* **EXERCISE AIM**
Exactly as written, return every line of the data below apart from the pictures.

* **DATA SEGMENT**
*** Block opens ***

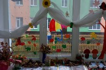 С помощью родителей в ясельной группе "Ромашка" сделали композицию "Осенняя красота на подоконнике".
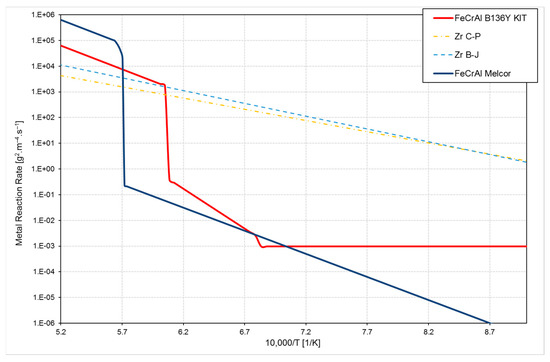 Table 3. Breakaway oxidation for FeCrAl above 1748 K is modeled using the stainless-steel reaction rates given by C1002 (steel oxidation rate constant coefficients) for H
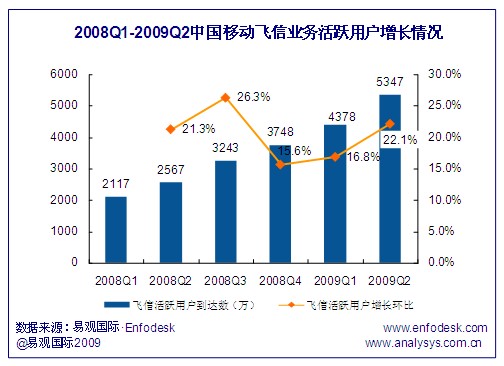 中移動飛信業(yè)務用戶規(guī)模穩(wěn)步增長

*** Block closes ***

* **EXERCISE SOLUTION**
 С помощью родителей в ясельной группе "Ромашка" сделали композицию "Осенняя красота на подоконнике".
 Table 3. Breakaway oxidation for FeCrAl above 1748 K is modeled using the stainless-steel reaction rates given by C1002 (steel oxidation rate constant coefficients) for H
 中移動飛信業(yè)務用戶規(guī)模穩(wěn)步增長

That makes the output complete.